**What to do:**
Please output exactly the lines below, starting at the line that has "Fekete hosszított tunika/ruha" and ending at the line that has "- With its AI-powered", both included; leave out all pictures and include nothing else.

Material to process below:

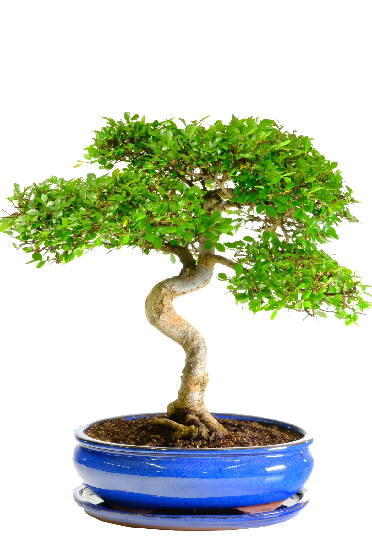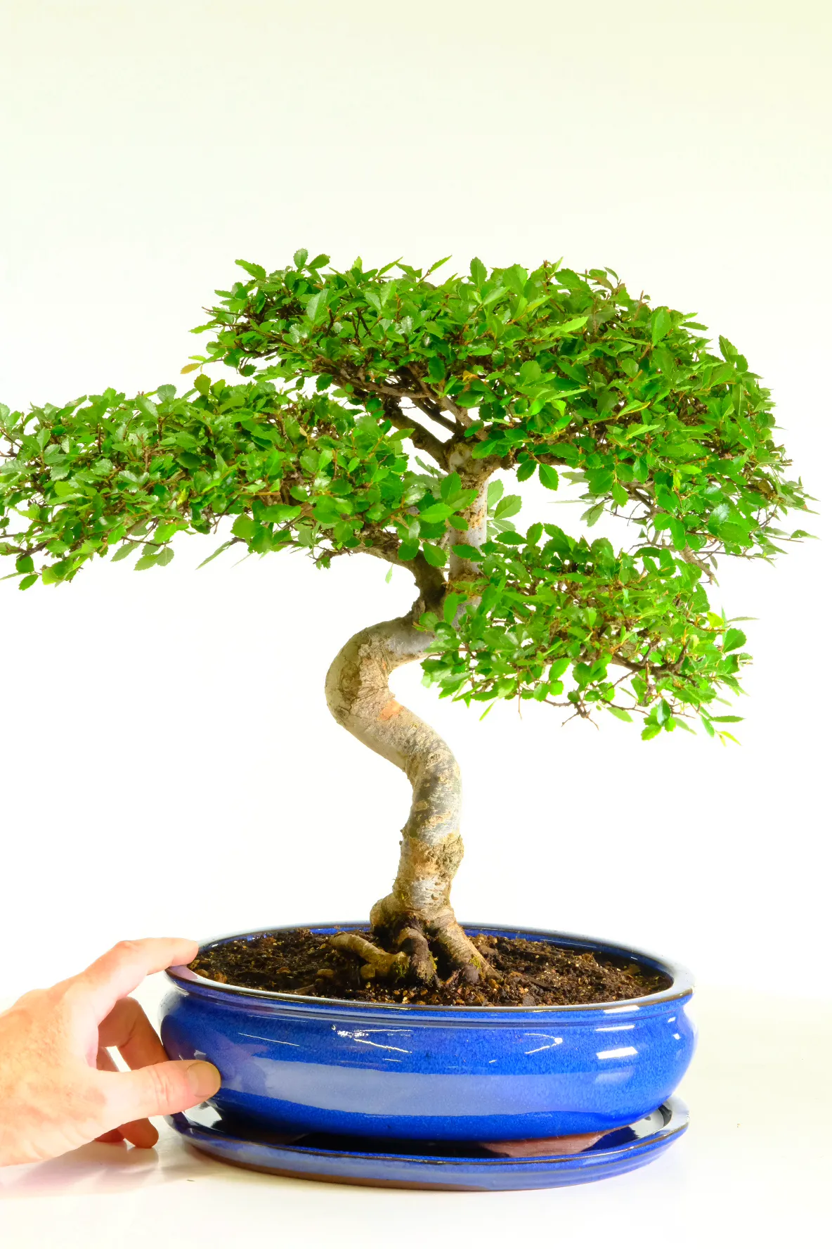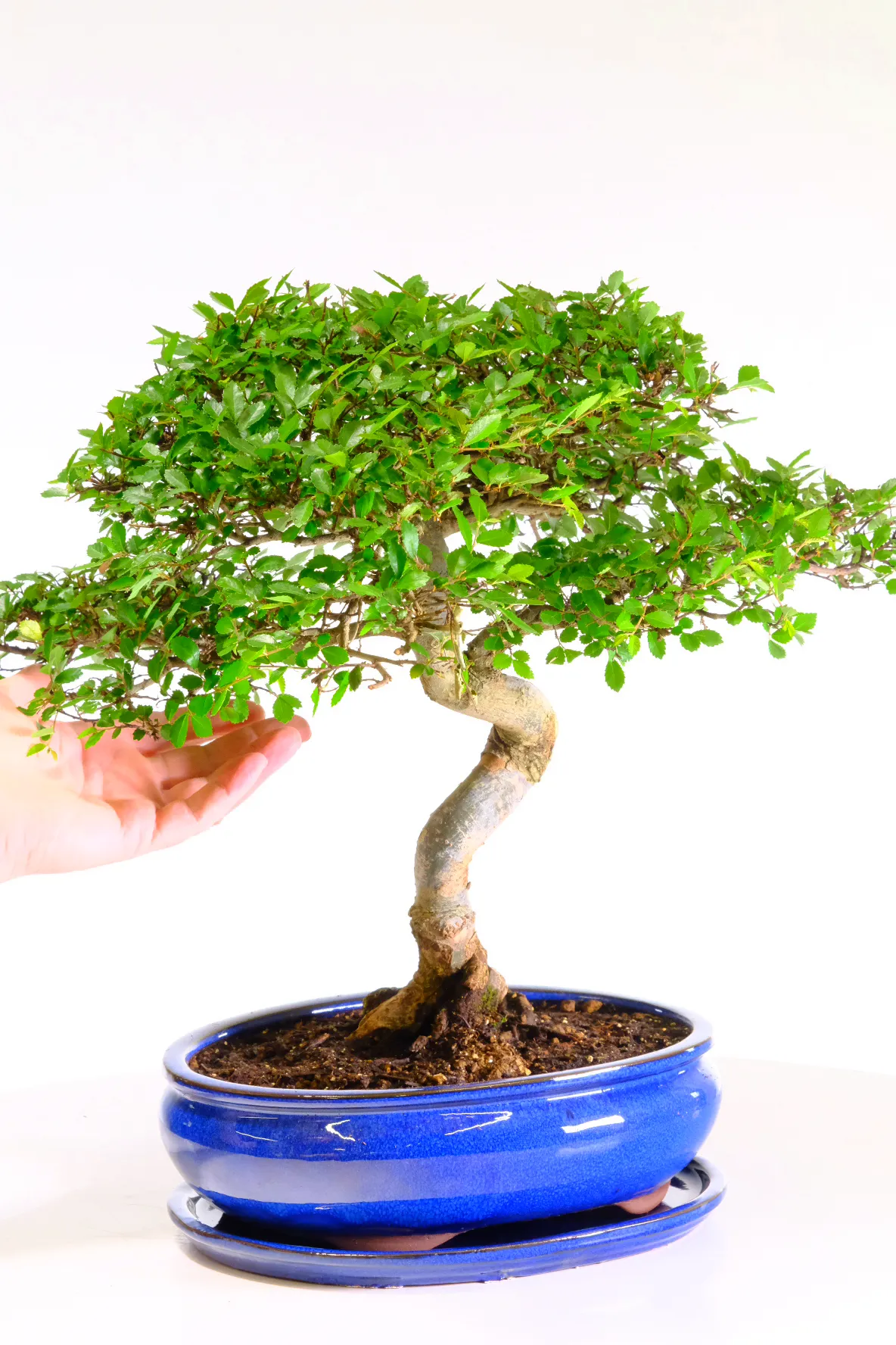 Experience the elegance of this 21-year-old Chinese Elm bonsai tree (Ulmus parvifolia), trained in the literati style. Its twisty trunk, exposed roots, and full, sculpted foliage pads create a stunning canopy. Potted in a royal blue oval bonsai pot with a matching ceramic drip tray, this Excellence range bonsai is a living sculpture you will receive exactly as pictured. A true bonsai beauty, grown on our Devon nursery by bonsai master Lloyd Noall.
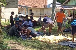 Dari dua ekor daging qurban sapi tersebut lansung di bagikan kepada 120 kepala keluarga, Di RT25 Dusun Rawasari.
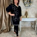 Fekete hosszított tunika/ruha bársonyos mintával
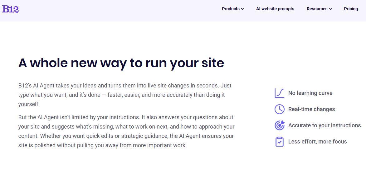 - With its AI-powered tools, you can refine your About page, update your color scheme, or make the messaging on your Home page crystal clear, even without the technical expertise. You can also get support from B12's in-house experts who are ready to step in with guidance.
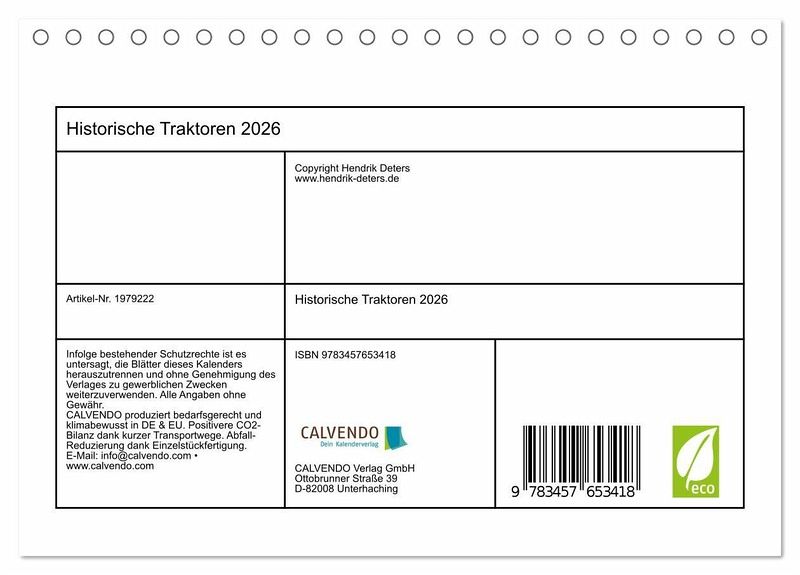 QUALITÄT - Hochwertiger Fotokalender mit 12 wunderschönen Motiven auf lichtbeständigem Bilderdruckpapier, robuste Spiralbindung.NACHHALTIG - deutliche Abfallreduzierung durch bedarfsgerechte Einzelstückfertigung, umweltfreundliches FSC-zertifiziertes Papier, Produktion in Deutschland, klimabewusste Logistik.PERFEKTES GESCHENK - Kalender für Freunde und Familie, für Kinder und Erwachsene, jung und alt, zu Weihnachten, Geburtstag oder zwischendurch.VIELFALT - Bildkalender in verschiedenen Formaten, z.B. DIN A5, DIN A4, DIN A3 sowie DIN A2. Ob Naturmotiv, Gemälde oder Fotos, ideal für ein persönliches Wohlfühlambiente.Historische Traktoren von 1931 - 1965 von Autor(in): Hendrik Deters
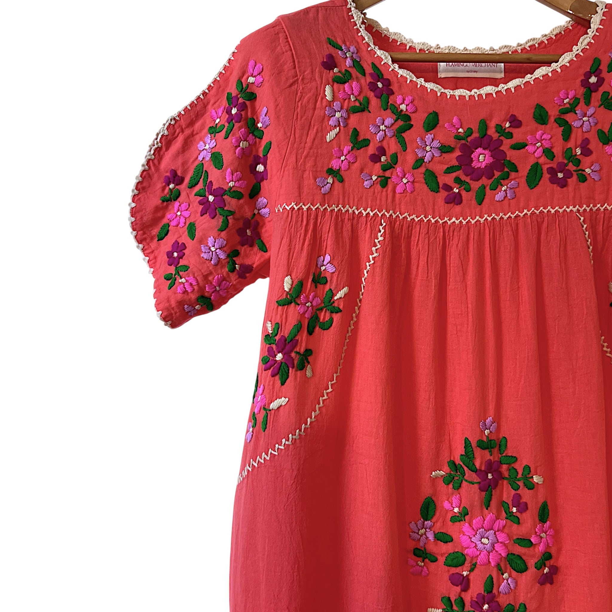 A lovely new edition to our embroidered dress range.  Carmelita is Margarita’s little sister, slightly shorter in length but with more coverage on the sleeve.  She has beautiful crocheted features on neckline and armholes and is Oh so easy to slip into for the Spring/Summer sunshine… Carmelita will be your go to dress for those warmer days.
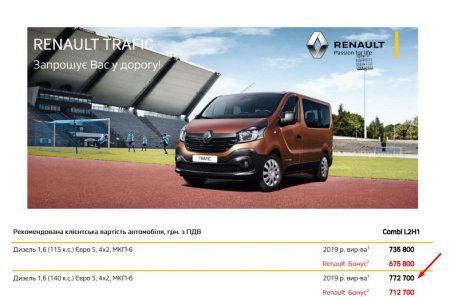 Продавець — ТОВ «Соллі Плюс. Кременчук» (місцевий дилер автомобілів Renault). Ми перевірили ціну на сайті дилера. Він пропонує «зустріти» Trafic від 653,8 тис грн. Зрозуміло, що це базова ціна. Завантаживши прайс, ми побачили рекомендовану ціну автомобіля Renault Trafic Combi з двигуном 1,6 (140 к.с.) - 772,7 тис грн. Це на 62 тис грн дешевше, ніж купив КП «Кременчукводоканал». Зважаючи на стрибки курсу іноземної валюти, від якої залежить ціна Renault, можна говорити про завищення ціни принаймні на 50 тис грн.
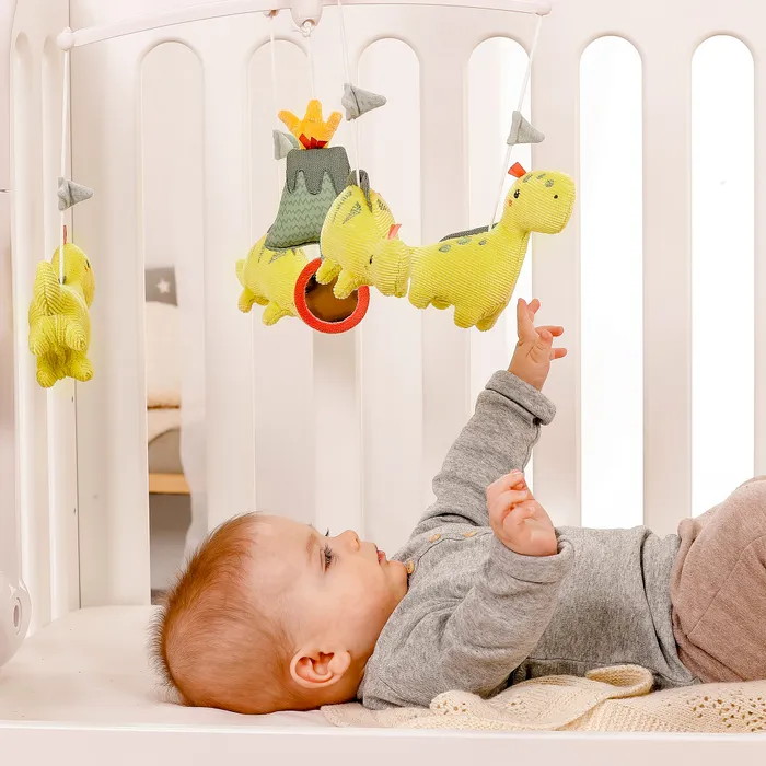 Мобиль легко и надежно крепится к кроватке. Динозаврики Диего и Армандо медленно вращаются под мелодию, увлекая за собой взгляд малыша. Ребенку будет интересно разглядывать фигурки и подвес-зеркальце, тем самым стимулируя воображение и развивая концентрацию внимания.

End of Material to process.

**Response area:**
 Fekete hosszított tunika/ruha bársonyos mintával
 - With its AI-powered tools, you can refine your About page, update your color scheme, or make the messaging on your Home page crystal clear, even without the technical expertise. You can also get support from B12's in-house experts who are ready to step in with guidance.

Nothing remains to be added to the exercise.